気にしたところで、どうにかなるものでもあるまい?
…そんなことよりも、自分達が無事に王都に帰れるかどうかの心配をしたほうが良いのではないか…?」
■ヴェルム > こちらの存在に気づかず、さらに隙だらけの少女。
確かに今ならやれる…なんて考えが及んだりするかもしれない。
だが結局オーギュストはああなった。
大物ゆえの余裕なのだろうということで、一切手を出すそぶりを見せない。
「例え寝返った仲間だろうと、気になるという考えに至るのは人も魔族も変わらないと思いますよ。
…そういうご友人とか、いらっしゃらないんですか?
砦を確保していろという指示なので、しばらく王都へは戻りませんし、それに王都には住んでませんので帰れるかどうかと言われても…」
かつての仲間だろうと気に掛けるのはどの種だろうと関係ないだろうと。
そういった気に掛ける友人が彼女にはいないのだろうか。
やや交戦の意思を見せ始める彼女に対して、素なのか皮肉なのかわかりづらい返しをし始めた。
■ロザリア >
「ならば理解できぬし、人間に尻尾を振るような真似をする者を友とば呼ばぬ」
その眼を伏せ、淡々とした受け答え
やがて皮肉とも取れる言葉が降り掛かれば、ゆっくりとそのエメラルド色の瞳を開いてゆく
「砦を取り返せば、またあの男が現れるかもしれぬのだぞ」
■ヴェルム > 「そうですか…人より長く生き、知識も経験も遥かに多い魔族と言っても、石頭なのは人と変わらないね」
少々、期待はずれだと言いたげな視線を向けて微笑んだ。
オーギュストを打ち破り、舜胤に信頼されるロザリアという人物がどれほどのものか楽しみにしていたが。
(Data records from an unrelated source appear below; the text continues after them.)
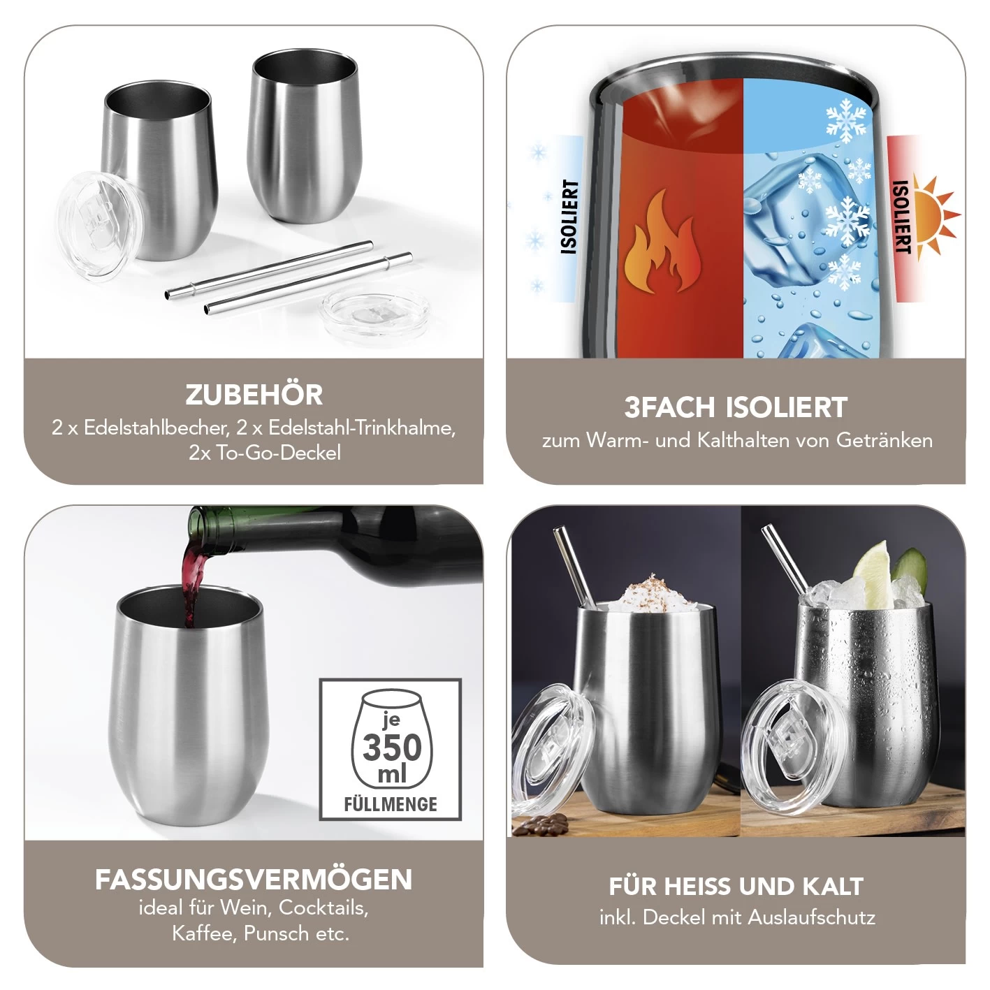 Damit Heißes heiß und Kaltes kalt bleibt: Mit den Edelstahlbechern von GOURMETmaxx können Sie Heiß- und Kaltgetränke jetzt ganz in Ruhe genießen. Denn dank der dreifachen Isolierung behält Ihr Getränk lange die richtige Temperatur. Ideal z. B. für einen lauen Sommerabend mit kühlem Wein oder einen gemütlichen Winterabend mit heißem Grog. Jeder Becher hat ein Fassungsvermögen von 350 ml und bietet so genügend Platz für jeden Geschmack – von Cocktails und Punsch bis hin zu Kaffee und heißer Schokolade.
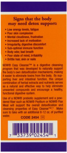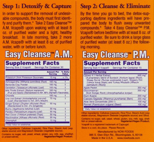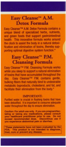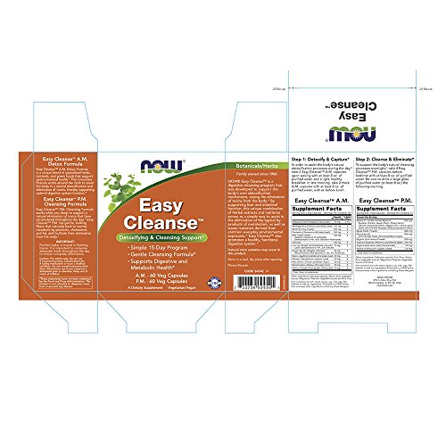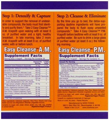 Studio : Now Foods Publisher : Now Foods Binding : Health and Beauty Product Description NOW Easy Cleanse is a digestive cleansing program that was developed to naturally support the body's own detoxification mechanisms, making it easier to eliminate toxins from the body. By supporting liver and intestinal function, this unique combination of herbal extracts and nutrients serves as a natural way to help eliminate unwanted compounds and encourage a healthy, functional digestive system. Use of a NOW probiotic supplement and a powdered fiber such as NOW Psyllium or NOW Flax Meal will support the overall detoxification and cleansing properties of Easy Cleanse.* Make sure to take with an additional 8-12 ox. of purified water. Easy Cleanseamptrade A.M. Detox Formula contains a unique blend of specialized herbs, nutrients, and green foods that support gastrointestinal health. This innovative formula works around the clock to assist the body in a natural detoxification and elimination of toxins, thereby supporting optimal digestive system functioin.* Easy Cleanse P.M. Cleansing Formula works while you sleep to support a natural eliminatioin of toxins that have accumulated throughout the day. Easy Cleanse P.M.contains gentle , bulking fibers that naturally bind to undesirable metabolic byproducts, cholesterol, and fat, and facilitate their elimination from the body.* Signs that the body may need detox support: Low energy levels, fatigue Poor skin complexion Mental cloudiness, frustration Increased lack of motivation Irregularity, digestive discomfort Sub-optimal immune function Body odor, bad breath Poor state of mind, irritability Brittle hair, skin or nails Step 1: Detoxify Capture In order to support the removal of undesirable compounds, the body must first identify and purify them.* 0
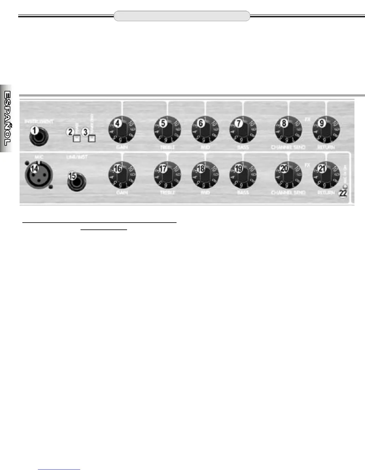4. GAIN : Ajusta el nivel de volumen del canal del instru m e n t o .
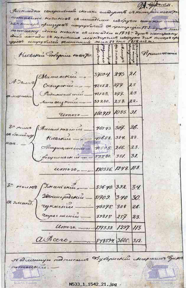 1812 р., червня 28. – Попередня відомість про кількісний склад козацьких полків, що формувалися у Київській губ. Відпуск
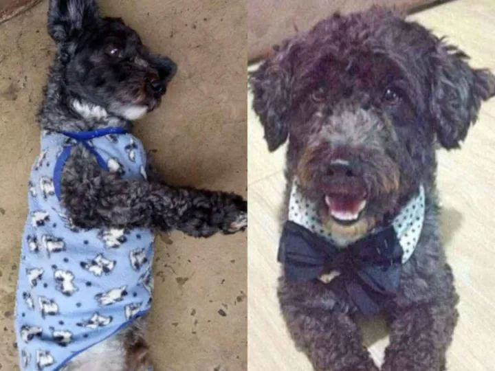 Poodle preto com cinza,O peito dele até a boquinha é branco,bigode meio marrom,rabo pitoco e na parte íntima dele tem uma pinta.
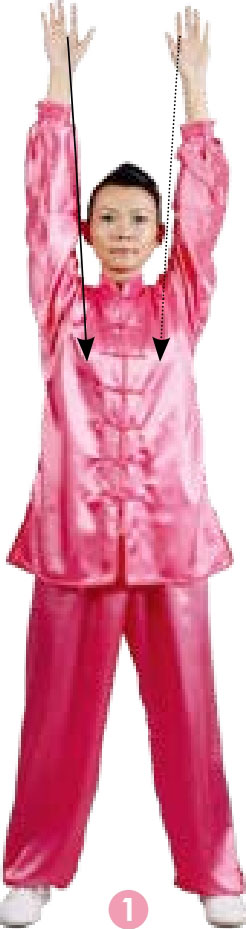 1 两腿挺膝站立,同时两掌指尖向前,手臂向前上方举起,掌心向前,肘关节伸直;目视前方。
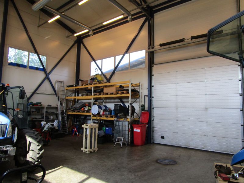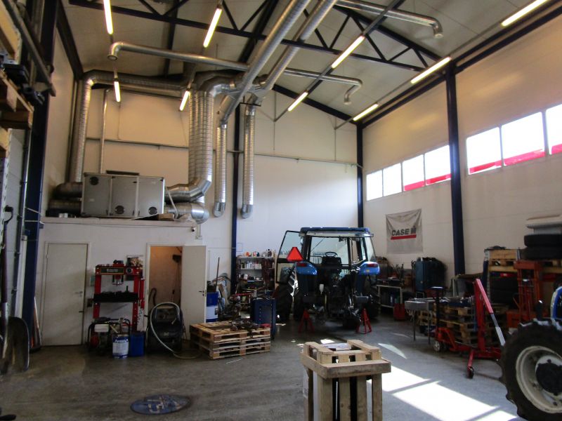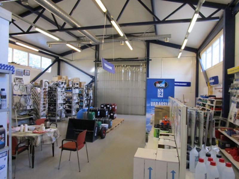 Lattialämmitys (sähkö), ilmalämpöpumput, öljynerotuskaivot, isot nosto-ovet, teräsrunko ja peltielementti.
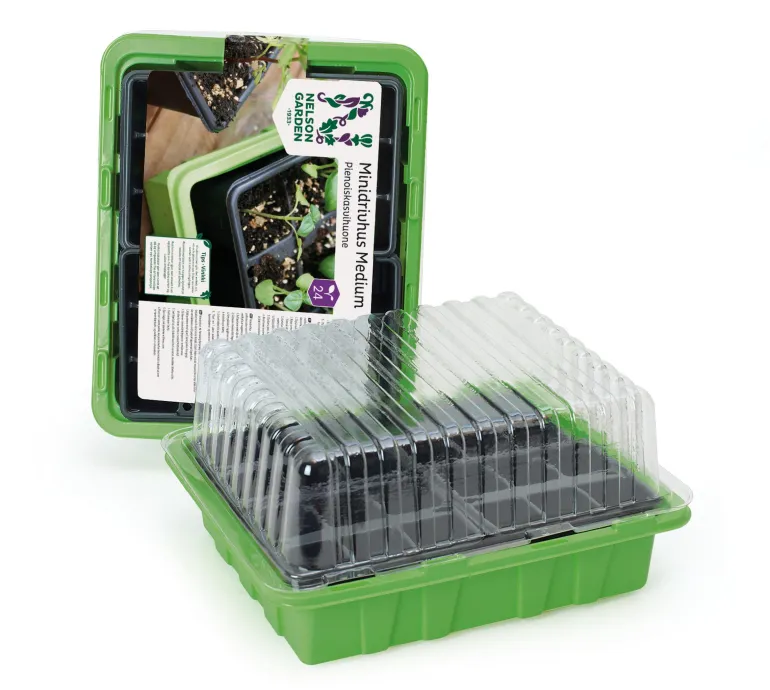 Helposti sijoitettava minikasvihuone sisältää 4 ruukkusarjaa, joissa on 6 kennoa. Pakkaukseen voi kylvää eri lajikkeiden siemeniä ja koulia eri kasveja tarpeen mukaan. Näin pienoiskasvihuoneen eri osiin saadaan tilaa uudelle kylvölle. Syvät kennolevyt antavat taimille parhaat mahdolliset kasvuolosuhteet vahvan ja hienon juuriston kehittymiselle. Pohjassa oleviin syvennyksiin sopii myös 20 turvebrikettiä.
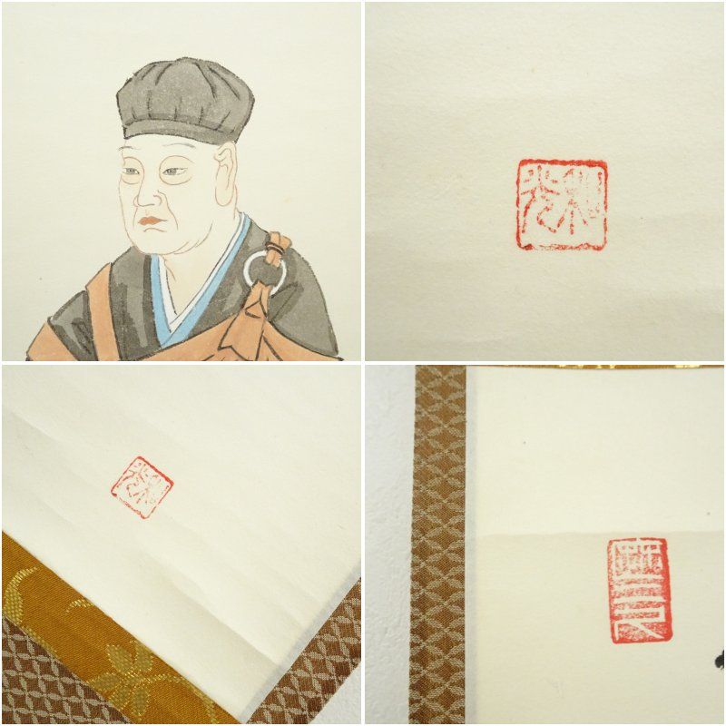 前大徳 藤井誡堂筆 利休居士像画賛 肉筆紙本掛軸 共箱 掛け軸 床の間 書 おしゃれ 絵画 表具 芸術 茶道 年中掛け インテリア 茶掛 掛物 和室
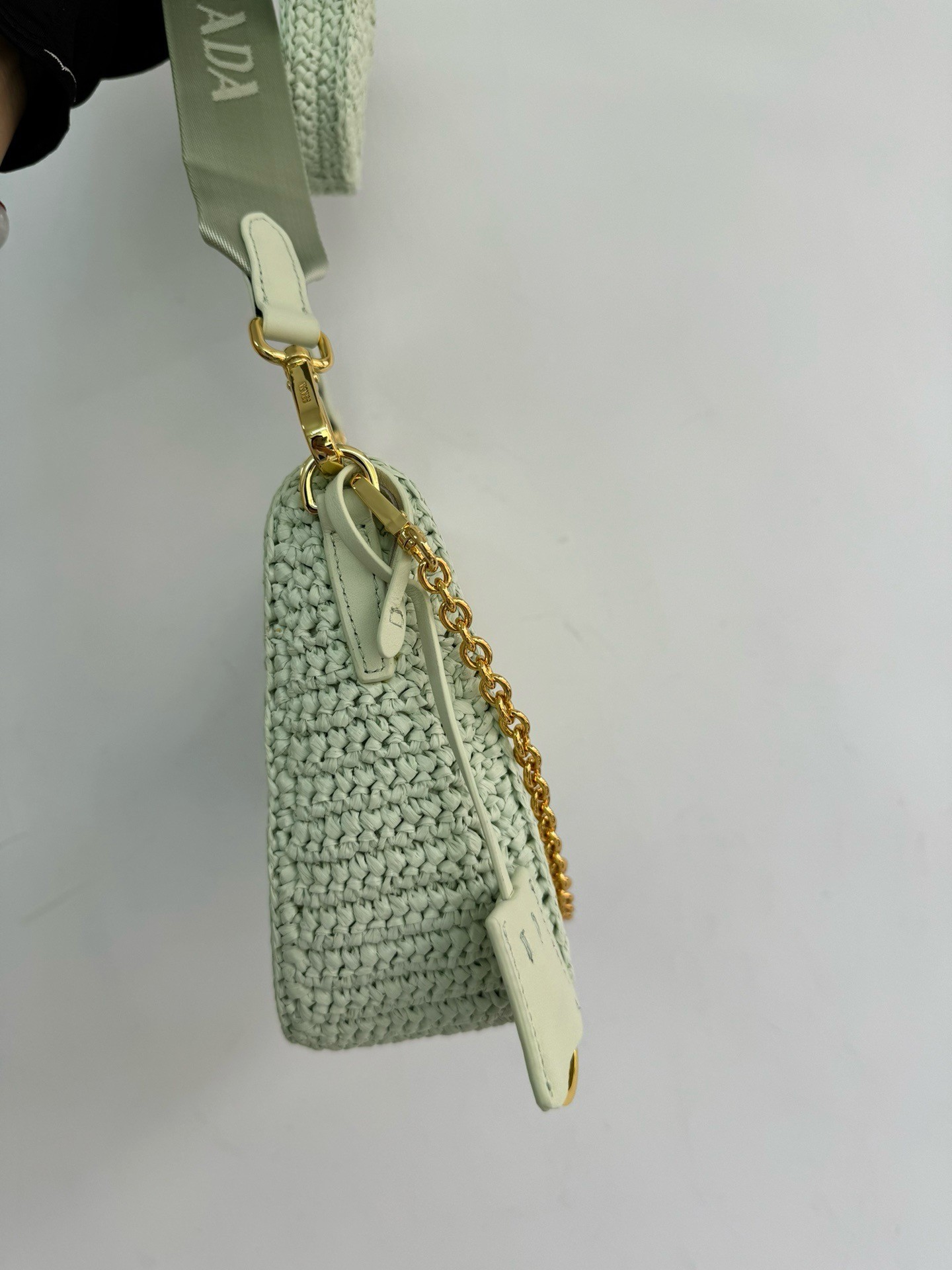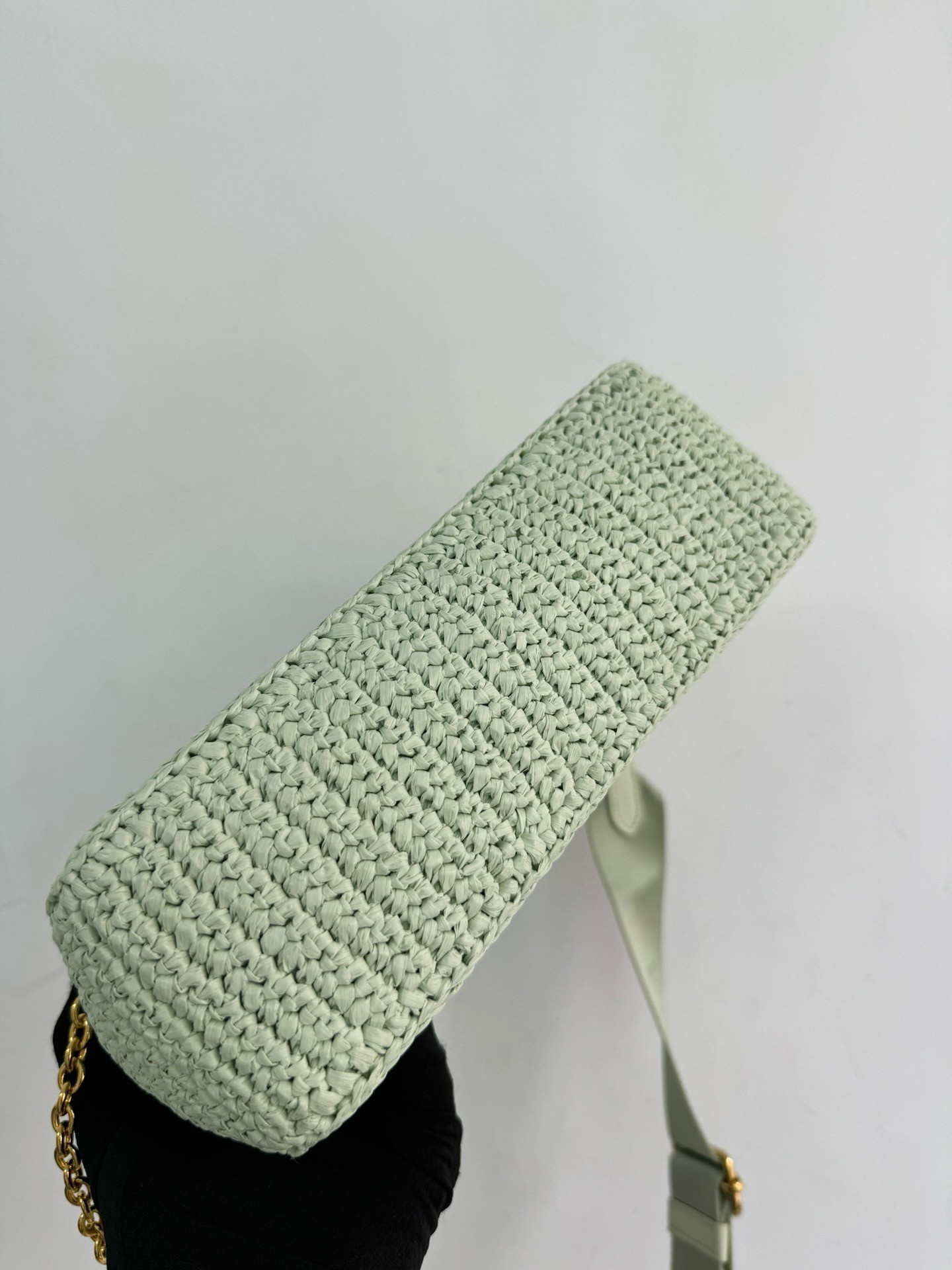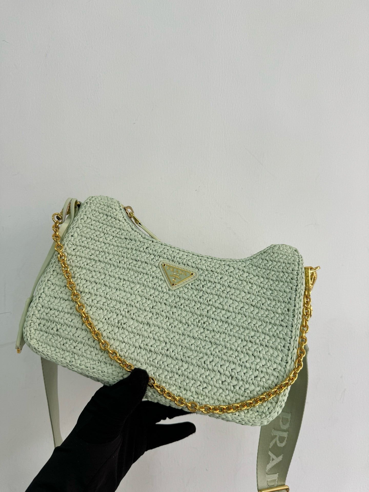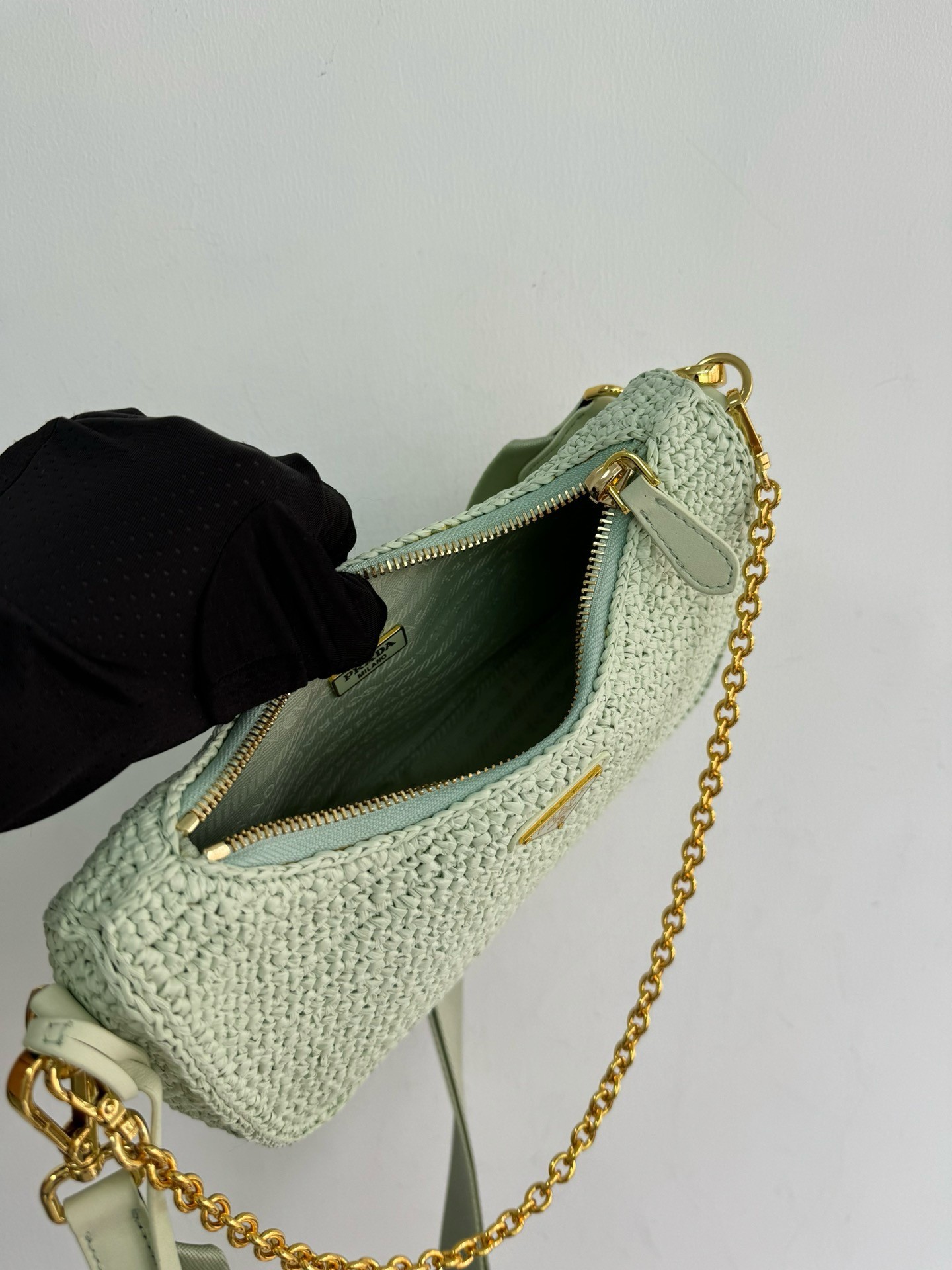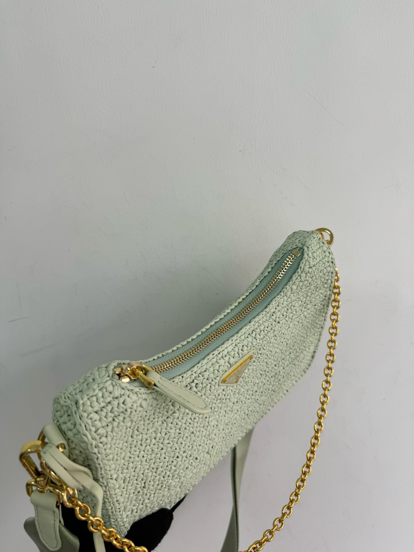 – Removable raffia zipper pouch and Re-Edition keychain
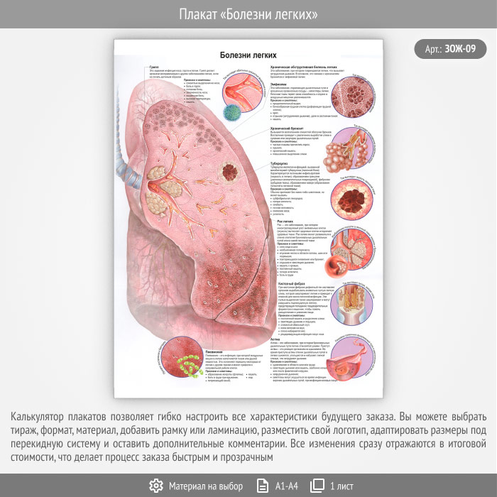 Плакат «Болезни легких» (ЗОЖ-09, 1 лист) в Улан-Удэ купить
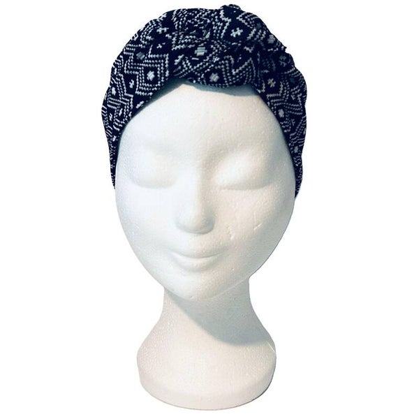Maak een stijlvol statement met de Rosie Wrap haarband - Pixelated Edge. Deze handgemaakte haarband van 100% katoen heeft een modern, hoekig zwart-wit weefpatroon dat pixelated oogt en zorgt voor een unieke, grafische look. De stof bevat een klein beetje stretch voor comfort en een perfecte pasvorm.
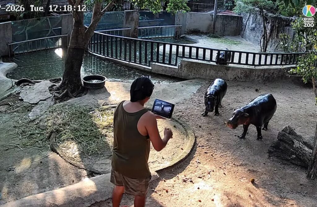 Að sögn Chodchoy reyndi maðurinn, sem hefur ekki verið nafngreindur, ekki að snerta Moo Deng eða móður hennar. En engu að síður virtist þeim vera mjög brugðið við þessa óvæntu og óvelkomnu heimsókn og hafa fengið aðhlynningu dýralæknis.

彼女のエメラルド色の瞳を見ても、その表情は崩れない。
「なら、好きなだけ攻めさせてやればいい。
無益な戦いを繰り返させるなんて、あの男の死後の人生にはお似合いだ」
いつの間にか砕けた言い回しになりつつ、砦にあの男が現れても構わないとのたまう。
現れた場合の対処法でも頭に浮かんでいるのかどうか。
■ロザリア >
「ふむ。無理に理解せよとも、そういった期待も持ってはおらぬ。
警告のつもりであったが、では好きにするがよい。吾もあの男の好きにさせておくとしよう」
そう言い残し、無防備なその背を向けて
「同じ人間が死後の永遠の争いに囚われる様を似合いだという。
──やはり吾は貴様ら人間を好きになれそうにはないな。
せいぜい、争い好き同士で殺し合っていると良い」
ケープを羽織るように漆黒の翼が現れ、月夜の先へと、飛び立っていった──
ご案内:「タナール砦」からロザリアさんが去りました。